EXERCISE: In the records below, find the line that contains "Паскаль.Заполните массив 15" and the line that contains "11月14日上午,交通运输专"; write out exactly those two lines and everything between them, without the pictures.

--- DATA FOR PROCESSING Enclosed Below ---

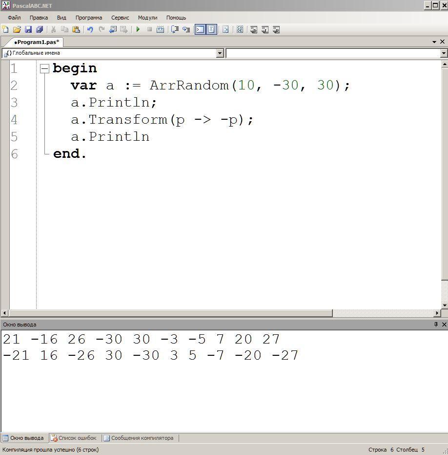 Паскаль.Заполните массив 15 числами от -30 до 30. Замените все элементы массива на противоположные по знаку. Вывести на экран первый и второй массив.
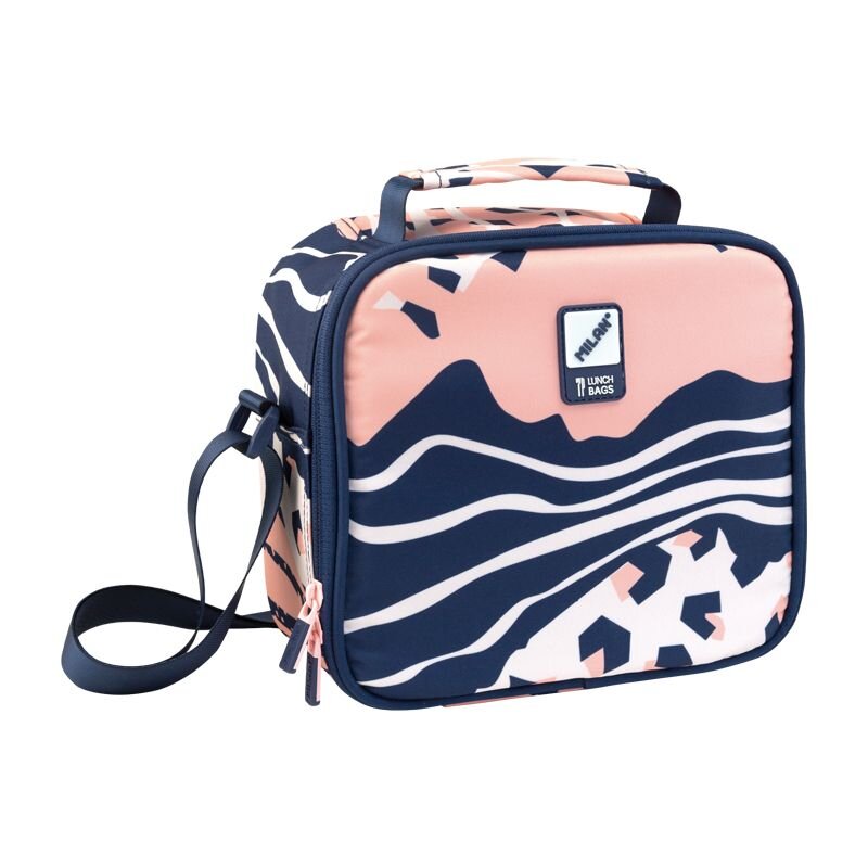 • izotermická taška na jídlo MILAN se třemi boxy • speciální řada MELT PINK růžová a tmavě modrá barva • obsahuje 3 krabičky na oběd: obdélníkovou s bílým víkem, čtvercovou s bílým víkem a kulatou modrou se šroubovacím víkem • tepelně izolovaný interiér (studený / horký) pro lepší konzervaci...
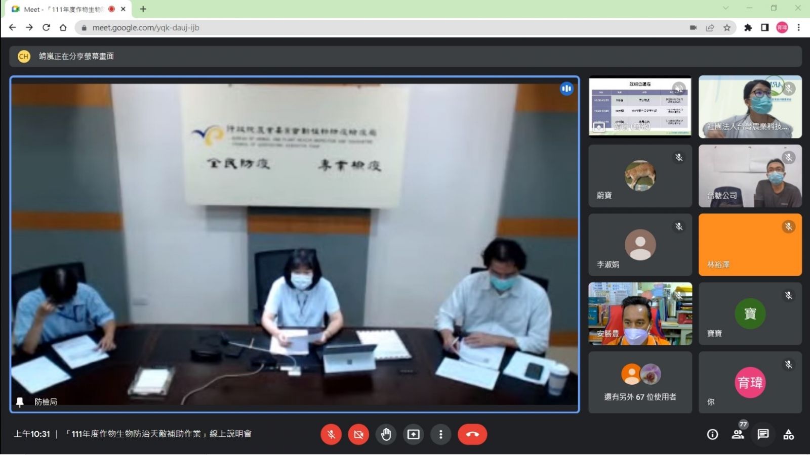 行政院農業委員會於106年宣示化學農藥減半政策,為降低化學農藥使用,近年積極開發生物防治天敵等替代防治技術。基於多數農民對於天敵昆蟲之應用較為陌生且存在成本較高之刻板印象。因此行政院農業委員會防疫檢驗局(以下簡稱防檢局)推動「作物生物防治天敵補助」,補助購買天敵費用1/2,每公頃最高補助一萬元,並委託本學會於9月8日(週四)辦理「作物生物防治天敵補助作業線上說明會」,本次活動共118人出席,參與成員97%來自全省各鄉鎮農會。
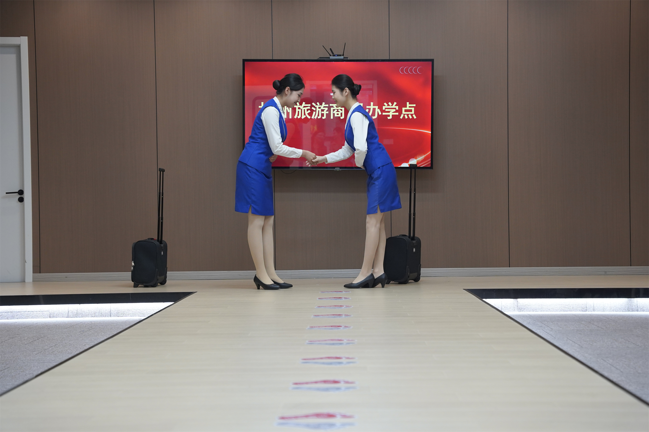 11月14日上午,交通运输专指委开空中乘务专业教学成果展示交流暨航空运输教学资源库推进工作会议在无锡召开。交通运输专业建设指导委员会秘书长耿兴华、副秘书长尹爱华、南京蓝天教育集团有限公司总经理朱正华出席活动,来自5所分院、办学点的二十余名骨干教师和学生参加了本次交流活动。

--- End of Enclosed DATA FOR PROCESSING ---
--- DATA FOR PROCESSING Enclosed Below ---

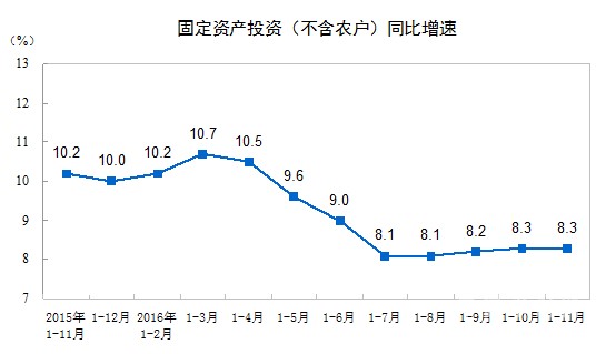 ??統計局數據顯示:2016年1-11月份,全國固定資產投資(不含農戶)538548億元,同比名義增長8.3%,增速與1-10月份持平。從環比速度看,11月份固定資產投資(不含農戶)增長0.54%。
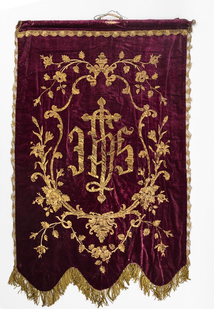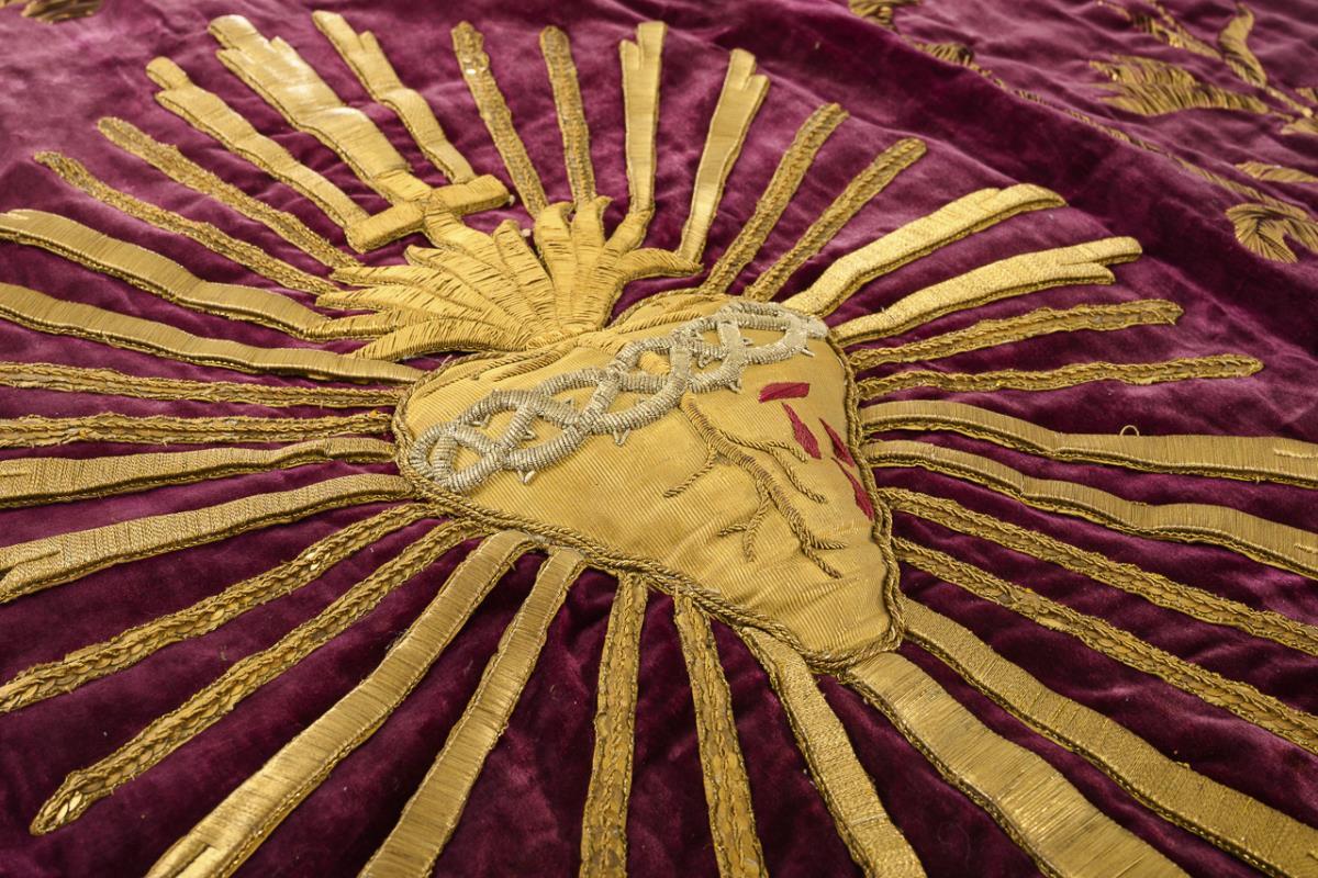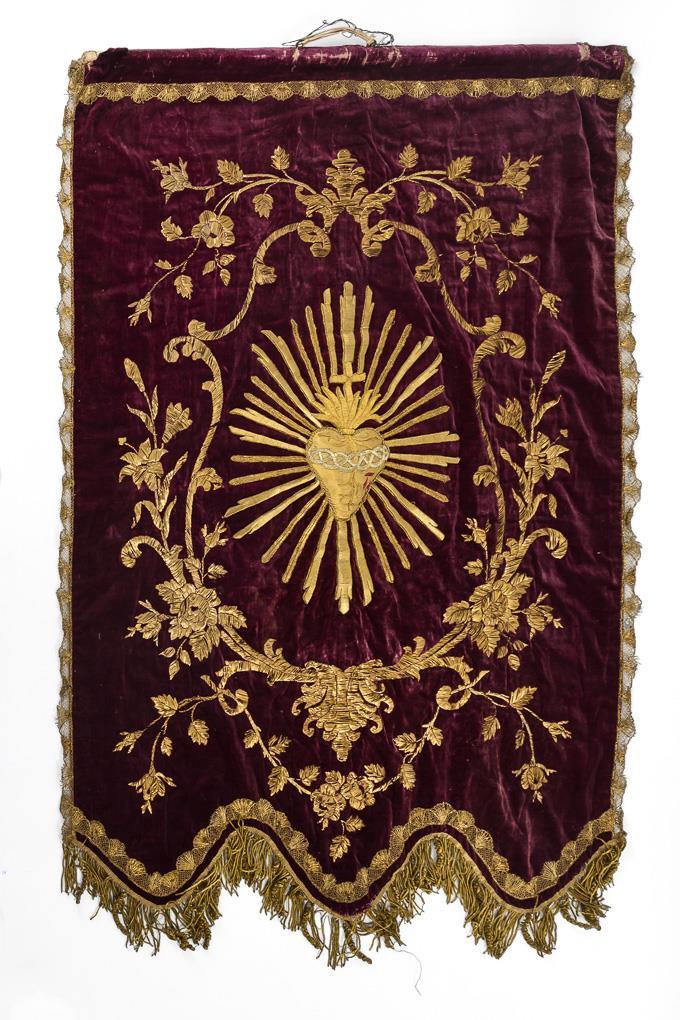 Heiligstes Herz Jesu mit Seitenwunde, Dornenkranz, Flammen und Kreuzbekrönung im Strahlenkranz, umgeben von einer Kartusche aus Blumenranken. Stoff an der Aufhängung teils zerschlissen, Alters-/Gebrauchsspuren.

--- End of Enclosed DATA FOR PROCESSING ---

YOUR SOLUTION:
 Паскаль.Заполните массив 15 числами от -30 до 30. Замените все элементы массива на противоположные по знаку. Вывести на экран первый и второй массив.
 • izotermická taška na jídlo MILAN se třemi boxy • speciální řada MELT PINK růžová a tmavě modrá barva • obsahuje 3 krabičky na oběd: obdélníkovou s bílým víkem, čtvercovou s bílým víkem a kulatou modrou se šroubovacím víkem • tepelně izolovaný interiér (studený / horký) pro lepší konzervaci...
 行政院農業委員會於106年宣示化學農藥減半政策,為降低化學農藥使用,近年積極開發生物防治天敵等替代防治技術。基於多數農民對於天敵昆蟲之應用較為陌生且存在成本較高之刻板印象。因此行政院農業委員會防疫檢驗局(以下簡稱防檢局)推動「作物生物防治天敵補助」,補助購買天敵費用1/2,每公頃最高補助一萬元,並委託本學會於9月8日(週四)辦理「作物生物防治天敵補助作業線上說明會」,本次活動共118人出席,參與成員97%來自全省各鄉鎮農會。
 11月14日上午,交通运输专指委开空中乘务专业教学成果展示交流暨航空运输教学资源库推进工作会议在无锡召开。交通运输专业建设指导委员会秘书长耿兴华、副秘书长尹爱华、南京蓝天教育集团有限公司总经理朱正华出席活动,来自5所分院、办学点的二十余名骨干教师和学生参加了本次交流活动。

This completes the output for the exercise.